I watched the movie version a long time ago and I remember it being ranked up there with some of my favorite animations of that time and reminded me of a similar children's movie with violent animals_Secret of NIMH_ Talking animal movies aren't quite up to par nowadays in my opinion.

Anyone a fan of Richard Adams or care to share some recommended reading?


----------



## Feo Takahari (Jul 26, 2013)

All I know about Watership Down:


----------



## Ophiucha (Jul 26, 2013)

I looked him up to see what else he's written besides _Watership Down_, and I've never heard of any of them, but one of his stories is called _The Plague Dogs_, which I'm sure is just as cheery as it sounds. I did read the book when I was a kid, since I liked the movie. I wouldn't call him one of the best in the genre, but I thought it was a good book. I have to be in the right sort of mood to read talking animal fantasy stories, though.


----------



## Feo Takahari (Jul 26, 2013)

Ophiucha said:


> I looked him up to see what else he's written besides _Watership Down_, and I've never heard of any of them, but one of his stories is called _The Plague Dogs_, which I'm sure is just as cheery as it sounds. I did read the book when I was a kid, since I liked the movie. I wouldn't call him one of the best in the genre, but I thought it was a good book. I have to be in the right sort of mood to read talking animal fantasy stories, though.

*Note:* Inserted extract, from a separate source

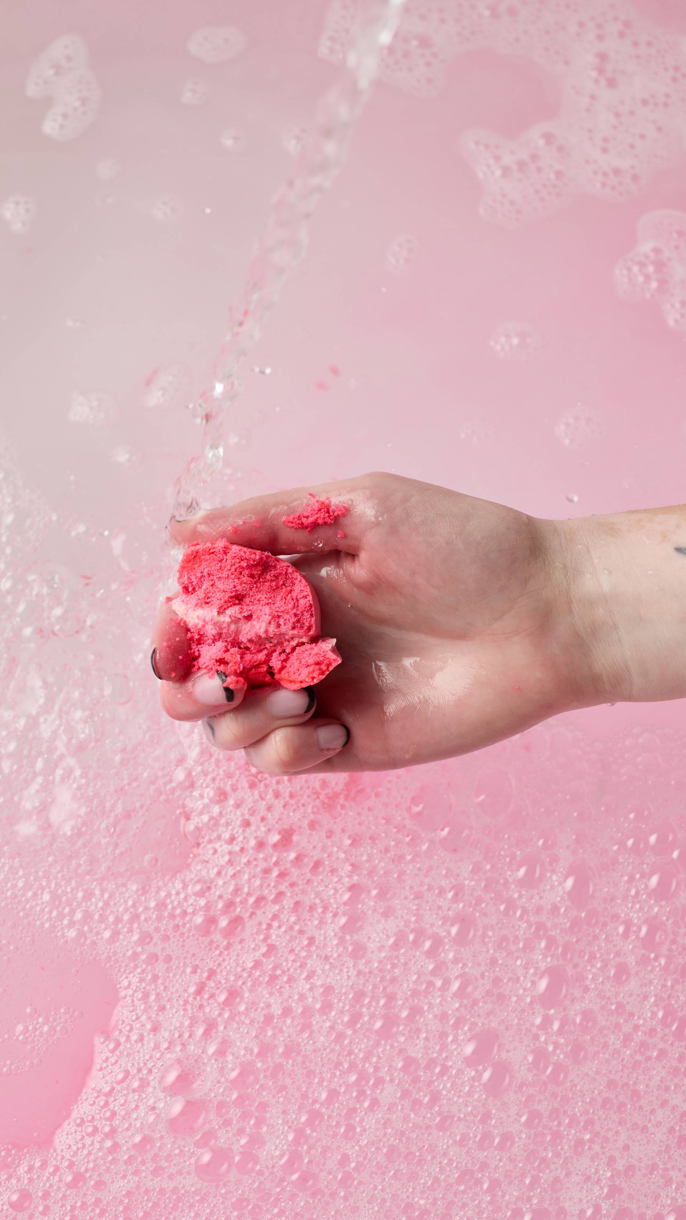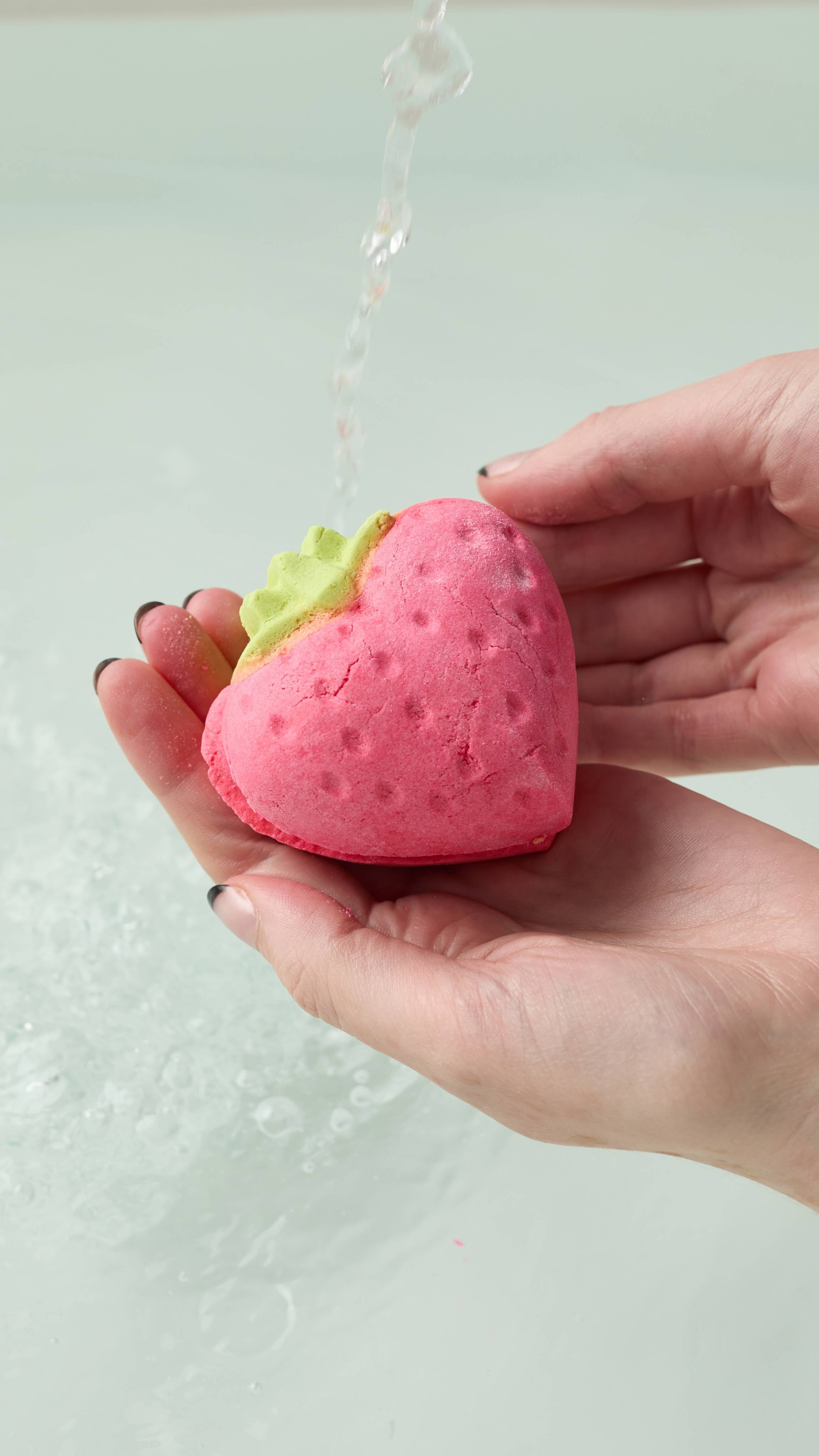 Crumble under running water, and swish these strawberry hearts for a berry good bath.
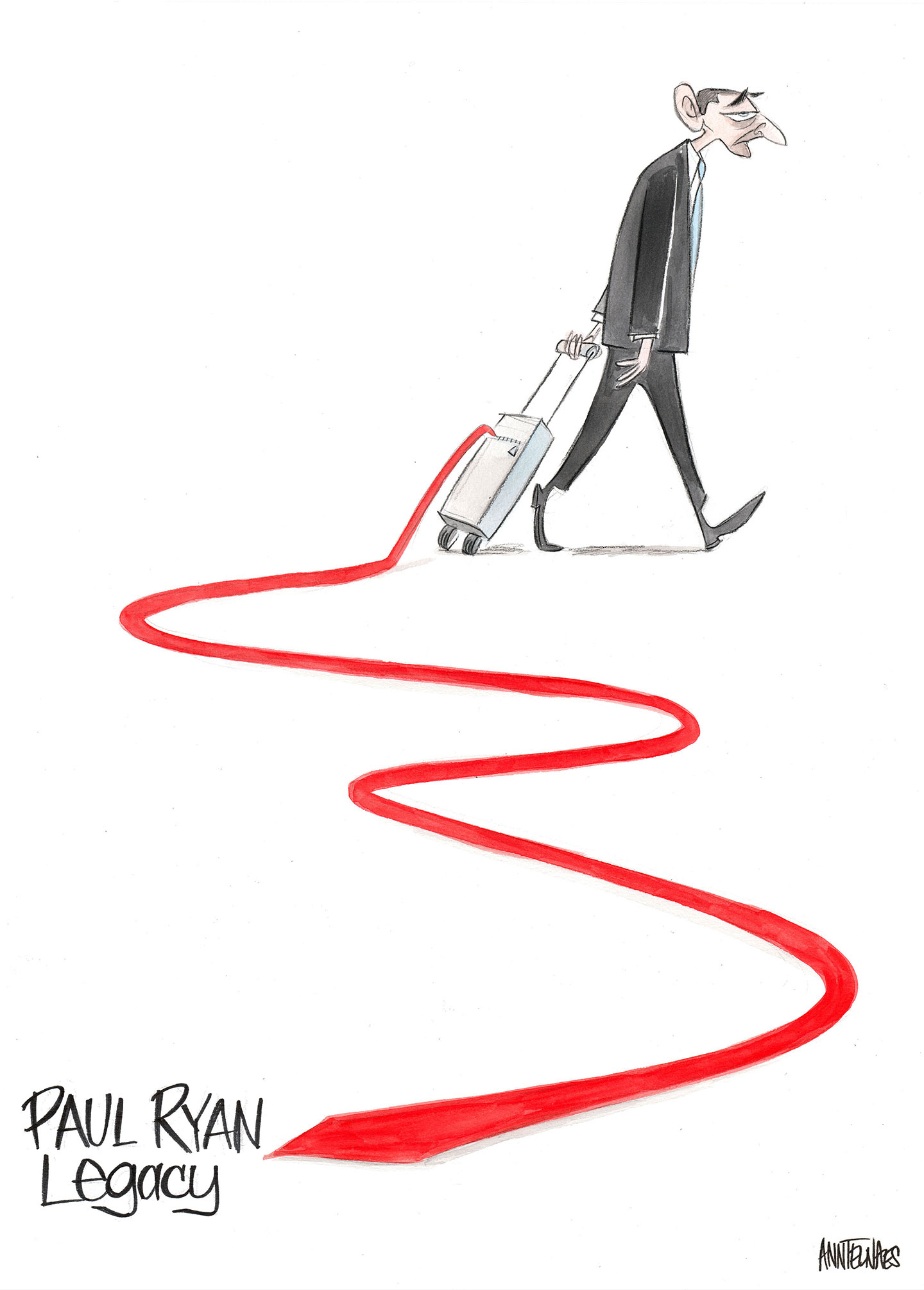 PoliticsOppArtJanuary 4, 2019Bye-bye, RyanBye-bye, RyanLeaving a trail of Trumpesque damage. Ann Telnaes Share Copy Link Facebook X (Twitter) Bluesky Pocket Email January 4, 2019 Check out all installments in the OppArt series.

Come to think of it, I remember reading about _The Plague Dogs_ on TV Tropes. I remember that towards the end, the dogs are about to die pointlessly, and the author breaks the fourth wall to introduce himself and the reader as characters, with the reader begging him to please give this story some kind of happy ending. (He does, but it's out of nowhere, so they cut it out of the movie and just had the dogs die.)


----------



## Ophiucha (Jul 26, 2013)

I'm not sure how to respond to that. I'd probably put the book down at that point and leave the last ten pages unread.


----------



## kayd_mon (Jul 31, 2013)

@Feo

Please use spoiler tags for that sort of thing.


----------



## Graylorne (Jul 31, 2013)

Next to Watership Down I have his second book, *Shardik*. It's about a giant bear thought to be a returned God of a barbarian nation. I don't remember having read it.


----------